Route information
- Maintained by Angola National Highways Authority
- Length: 605 km (376 mi)

Major junctions
- North end: Luanda
- South end: Xangongo

Location
- Country: Angola

Highway system
- Transport in Angola;

= N110 road (Angola) =

Road in Angola

The N110 Road is a national road in Angola connecting Luanda to Xangongo in the south. It's a north–south route that doesn't pass through any major cities besides Luanda and remains partially incomplete and unpaved in large sections.

== Route ==

=== Luanda Region ===
The N110 begins in eastern Luanda, branching off from the N100. It traverses the city passing through suburbs and marking the boundary between agricultural areas and the tropical rainforest to the east. In Catete, it intersects with the N230, and then continues south as a paved road, crossing the Cuanza River.

=== Southern Angola ===
Beyond Muxima, the N110 traverses a sparsely populated forest region, returning to the Cuanza River valley. However, the road's condition changes, becoming an unpaved dirt path that winds through the jungle. The terrain is relatively flat, with gentle hills and dense woodland.

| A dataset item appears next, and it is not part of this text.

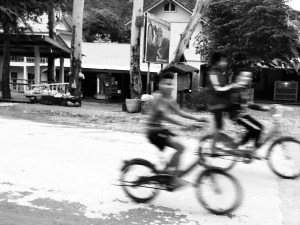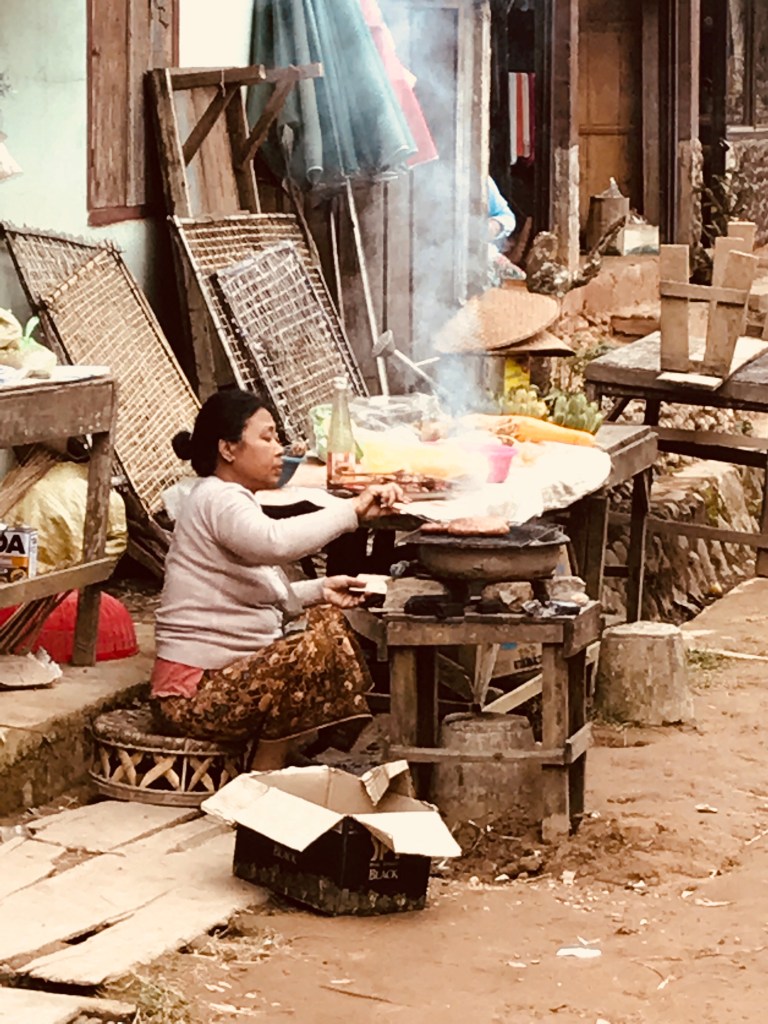 Anderzijds is er het leven slechts 50 meter landinwaarts, daar waar de hoofdstraat loopt en waar je uren kan zitten om het dagelijkse leven te aanschouwen. Mensen zitten voor hun shop of achter de prachtige nog met de voet aangedreven naaimachines, soms nog achter een weefgetouw. Overal staan kleine BBQ’s, er is altijd wel ergens een flinke rookpluim. Dorpelingen van alle leeftijden komen voorbij slenteren, meestal met nog een baby op de arm of rug, de kippen en eenden scharrelen in hetzelfde tempo rond, vergezeld door hond of kat. Kinderen spelen met een fietsband en een stokje, de hanen kukelen de hele dag (en nacht) door terwijl de monniken passeren in hun oranje pijen.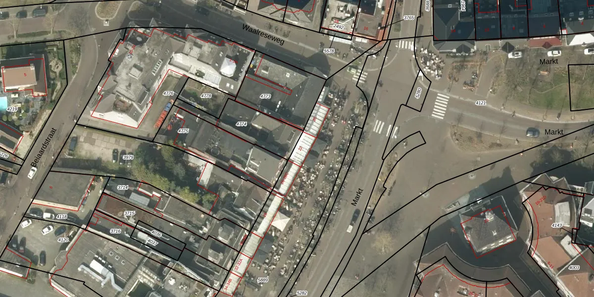 Het perceel waarop Markt 22 staat heeft een oppervlakte van 2693 m². Dit is een zeer groot perceel. De perceeloppervlakte wordt geregistreerd door het Kadaster. Gedetailleerde informatie over de maten van dit perceel kunt u vinden in het rapport Kadastrale kaart met maatvoering van Markt 22.

The N110 resumes 55 kilometers south of Mumbondo, in Quilenda, as a paved road that stretches to Gabela, where it intersects with the N240. This section traverses the highlands, reaching elevations of approximately 1,000 meters, and runs parallel to a mountain ridge all the way to Uku. Beyond Uku, the road deteriorates into a dirt path, albeit a relatively easy one, for approximately 180 kilometers. The paved road recommences 25 kilometers north of Cubal, and from Cubal, the route merges with the N260, continuing eastward to Ganda on a paved surface.

South of Ganda, the N110 transitions to a dirt road for approximately 100 kilometers, leading to Caconda through mountainous terrain, with elevations reaching around 1,700 meters. Although slightly improved, this section remains a challenging dirt path. A brief asphalted stretch passes through the Caconda region, but the road reverts to a dirt path for an extended distance of nearly 350 kilometers, until just before Xangongo. Finally, the last segment connecting to the N105 and Xangongo is paved, providing a smoother finish to the journey.

== History ==
Despite originating in Luanda, the N110 has historically been less significant than other national roads connected to the capital. This is largely due to the absence of major cities along the route beyond Luanda. As of 2020–2021, substantial sections remained unpaved, including a 55-kilometer gap between Mumbondo and Quilenda. Only about 275 kilometers (25%) of the 1,100-kilometer route were asphalted in 2021.

The oldest paved section is likely the Luanda-Catete stretch, dating back to the 1990s or possibly the Portuguese colonial era. This was later extended to Muxima, where a permanent bridge over the Cuanza River was built around 2010. Additional paved sections include:

- Gabela to Uke (77 km, 2011–2012)
- Quilenda to Gabela (35 km, 2019)
- Caconda town (around 2010)
- Techiulo to Xangongo (30 km, 2013–2014)

Notably, an 880-meter bridge over the Cunene River at Xangongo was completed in 2009, after initial delays.